Ineedalife it's definitely more so for secondary as he copes ok at the moment, although is getting worse in some areas, but I can see it getting a lot worse when he moves up. Best thing I did was move him to this new school, I'm very impressed with his teacher too.

coff33pot Why did you need a second opinion? Very pleased with the school, I went into the parents' evening almost holding my breath but after she asked me how I thought he was getting on and I explained my concerns to her I saw her visibly relieved! She said it was good to know we're on the same page and that it's difficult bringing things up so was glad that I had.

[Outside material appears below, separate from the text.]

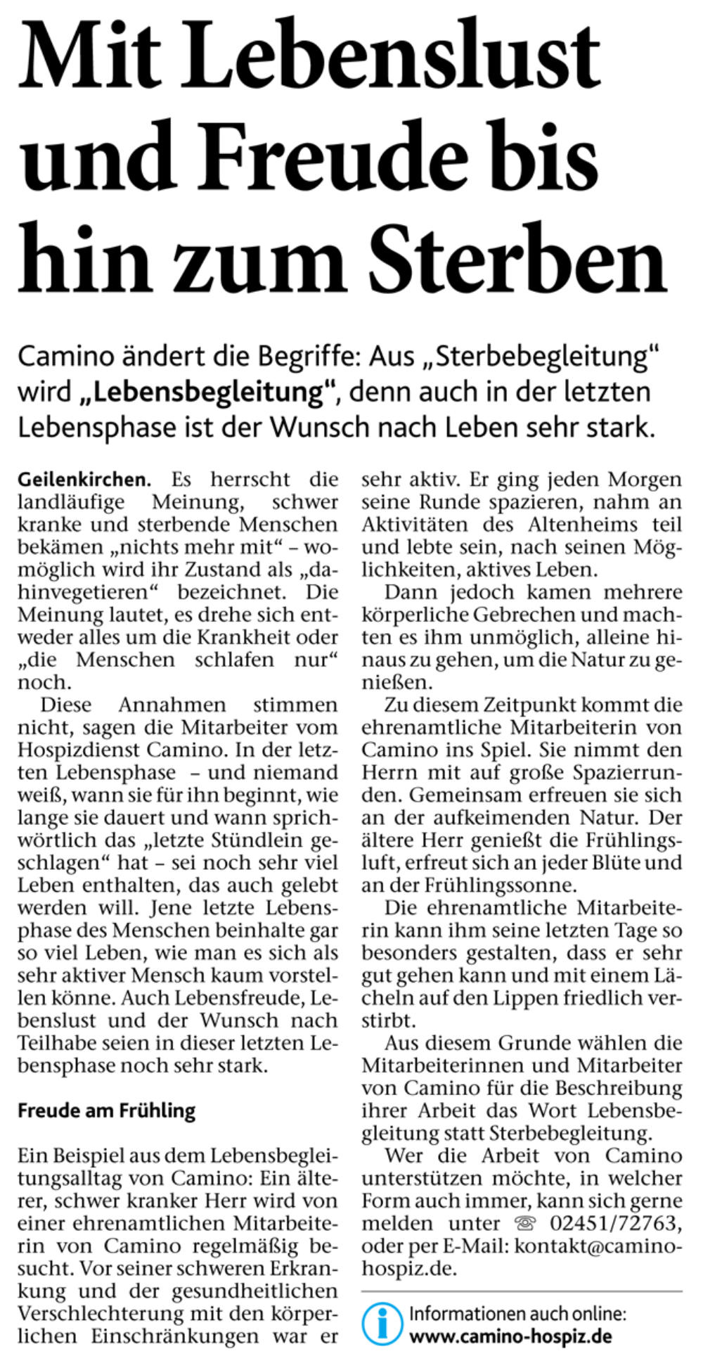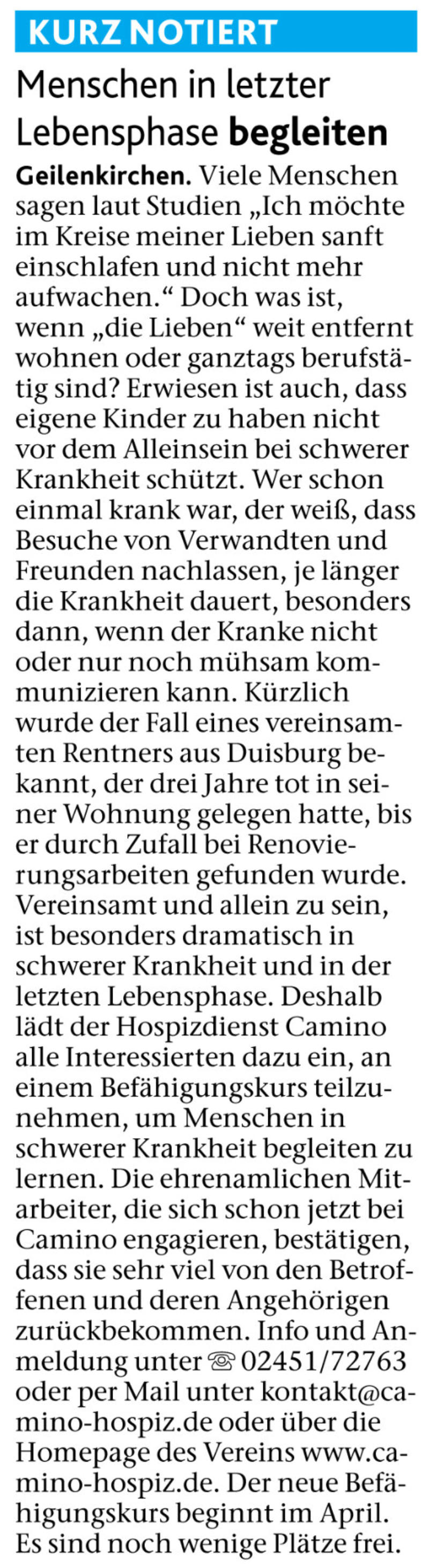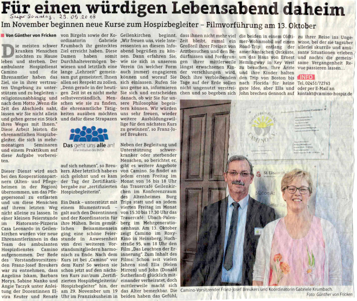 und Förderern des ambulanten Hospizdienst Camino e.V. Geilenkirchen.

suburbandream Wed 31-Oct-12 12:08:24

Morning Cheese, it took us about 18 months to get a diagnosis but our DS was a bit younger. I first went to the GP when he was 4 1/2 as the school said they wouldn't refer until he was 7. He was assessed but although he showed autistic traits they were not 100% sure so he went back at 7 and that's when we got the diagnosis. Although he doesn't really need much help at school, I am definitely glad we have the diagnosis. I'd rather he was labelled autistic than "naughty/quirky/weird"! And if he does need more help in future, at least we have the diagnosis already which will hopefully make things easier. I don't think his school treat him any differently, but it definitely helps that they are aware as they can prepare him for any unexpected occurences and they know what's likely to worry him.